NFL Writer: Rex Ryan Is A Victim Of His Own Bluster

Remember when Rex Ryan led the New York Jets to back-to-back AFC Championship games in 2009 and 2010? You know, when he was considered one of the best coaches in football?

Well, he has since gone 34-48, including 8-10 with the Bills, and could be on the hot seat in Buffalo.

What happened to him?

“I do think in some ways Rex is the victim of his own bluster – because he raises the expectations,” NFL.com’s Judy Battista said on CBS Sports Radio’s The DA Show. “He was so excited when he went to Buffalo and he got the fan base so excited because he was so excited to be in Buffalo. Let’s face it: Fans are used to people not being excited about the Buffalo Bills, and he was so excited. He wanted to live in the part of town that got the most snow, he embraced Jim Kelly – all of the things that really played to the fans. He got the fans’ hopes up so, so high that they were going to go to the playoffs, and then when it falls flat, it’s even more of a letdown because their hopes were raised so much. They’re like, ‘Wait a minute. You’re not delivering any more than Dick Jauron.’ So i think int hat sense he’s a victim of his own words, and I think that’s why you’re seeing him say less this year – or at least trying to say less.”

Forget the AFC Championship. Ryan hasn’t led a team to the playoffs in five-going-on-six seasons.

“That seems like a long time ago, doesn’t it?” Battista said, referring to those deep playoff runs in New York. “The good years with the Jets, the two consecutive runs to the AFC Championship Game, were the best possible situations he had. He had very good defensive talent, he had a very, very good offensive line, and a very good running game. That played into the way Rex wants to play anyway. That’s what he wants to do. They were able to do it. They had the personnel, and they were able to execute it. And then you had Mark Sanchez, who was a young quarterback, and he made mistakes that we all know Mark Sanchez makes, but he also had some flashes there where, occasionally, he’d give you a game where he outplayed Tom Brady. Was (Ryan) the beneficiary (of a good situation)? Yeah, but he also had that defense going and he knew enough to play with the personnel that he had.”

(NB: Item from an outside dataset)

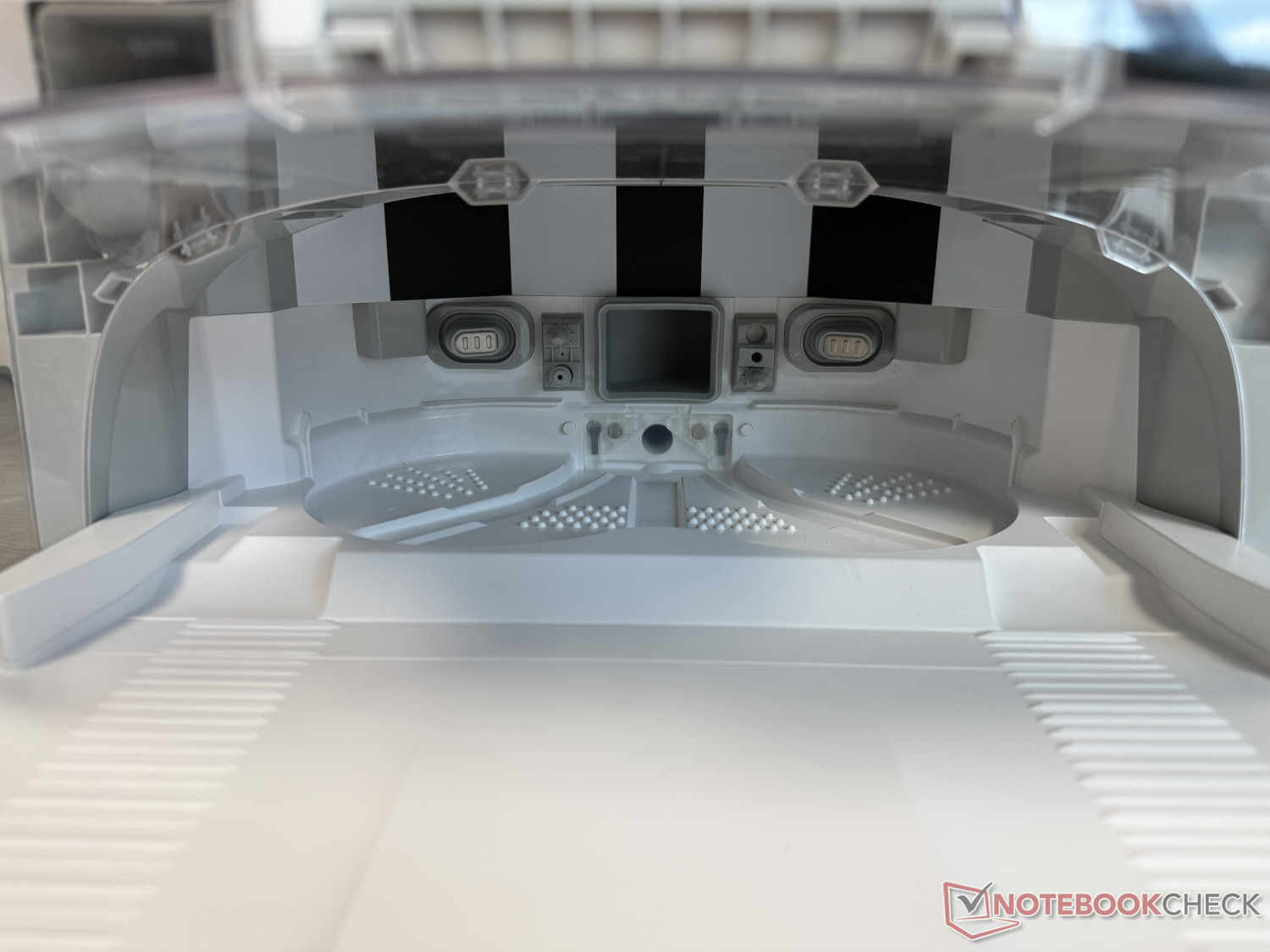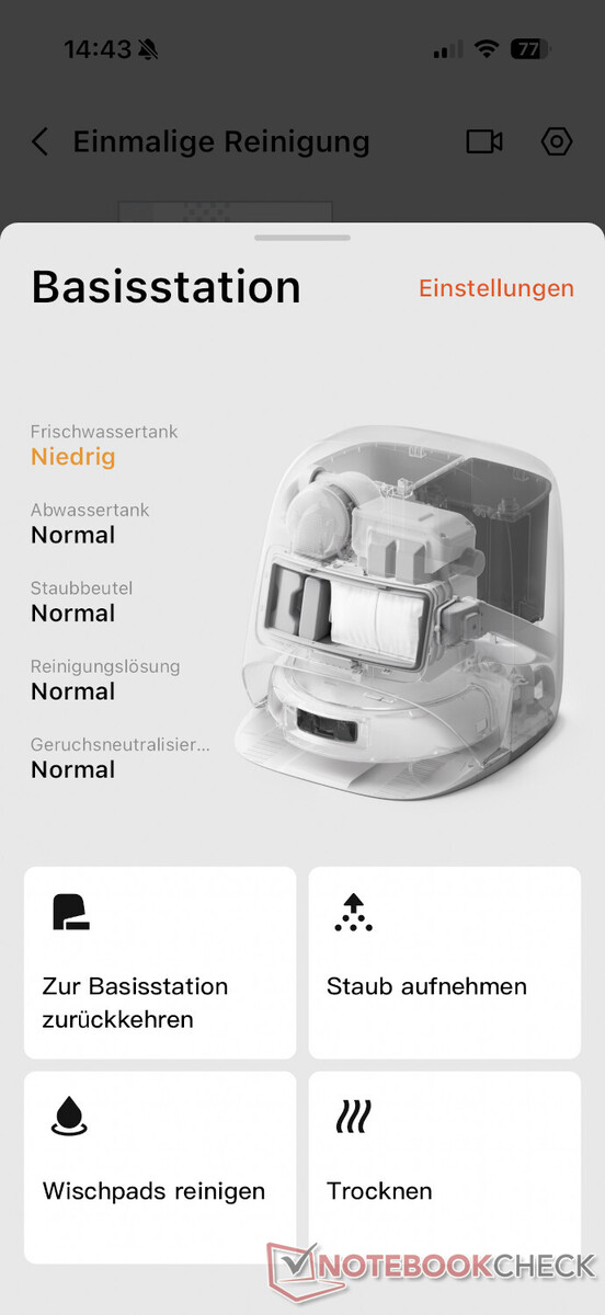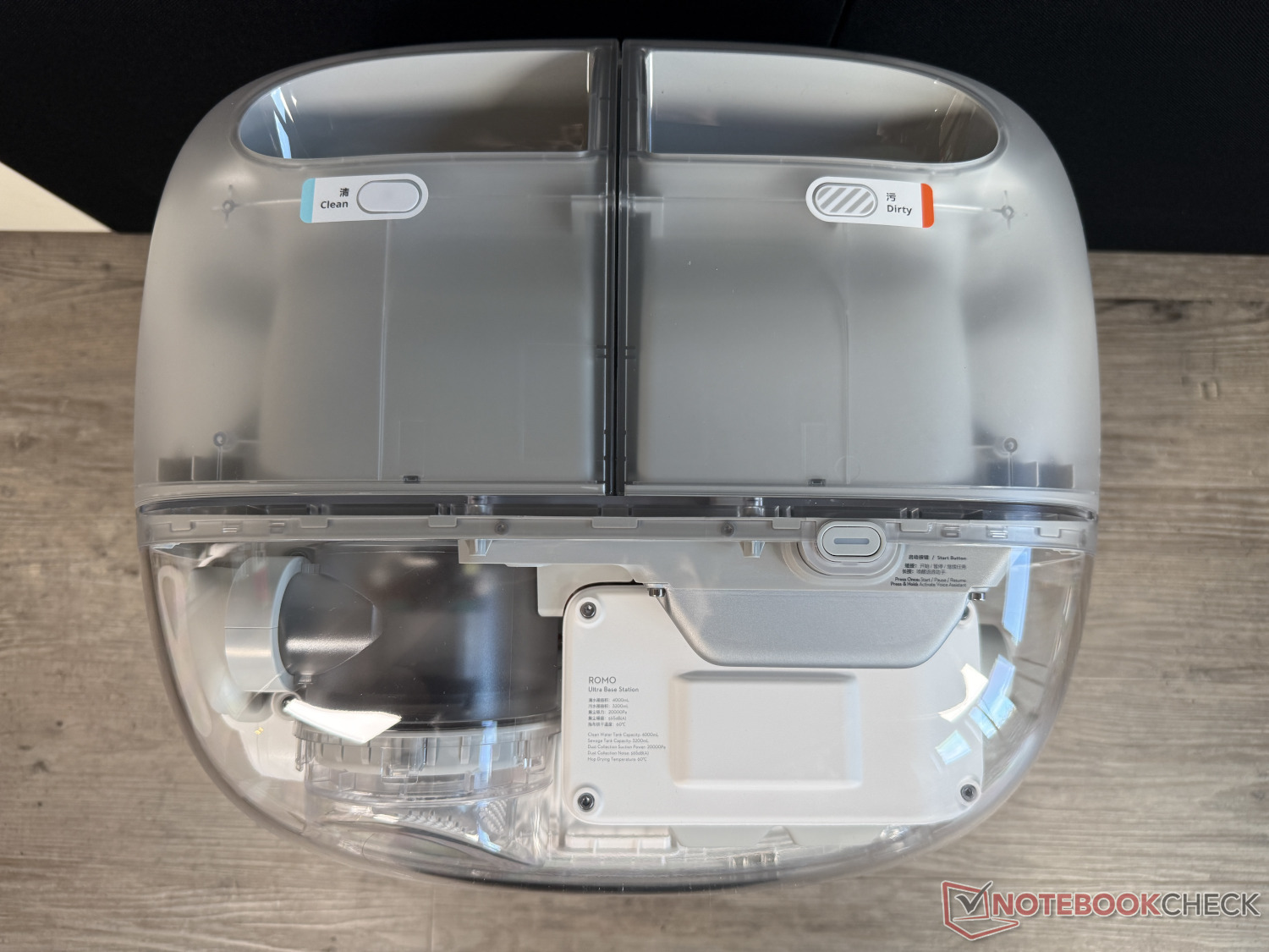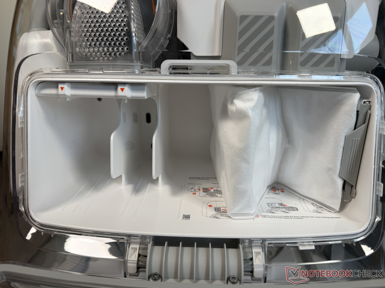 A estação base autolimpante também está incluída. De acordo com o fabricante, ela promete até 200 dias de operação sem manutenção. No entanto, isso se aplica apenas à extração de pó no saco de pó de 2,4 l. O tanque de água doce de 4 l e o tanque de água residual de 3,2 l requerem atenção mais regular. Depois de lavar os esfregões com água quente até 60°C, que são secos com ar quente, a tábua de lavar da estação se limpa sozinha. Isso funcionou bem no teste.

Ryan arrived in Buffalo in 2015. He inherited a team that went 9-7 and was charged with leading the franchise to its first playoff appearance this century.

The Bills went 8-8 last year and are 0-2 this year.

“So many things went wrong even before the season started with suspensions and injuries,” Battista said. “It’s just a mess. And then firing his offensive coordinator a day after the defense clearly blew the game. It’s not pretty. And certainly when you hear the reports that the owners are meeting with players without Rex being there – boy, that’s a red flag.”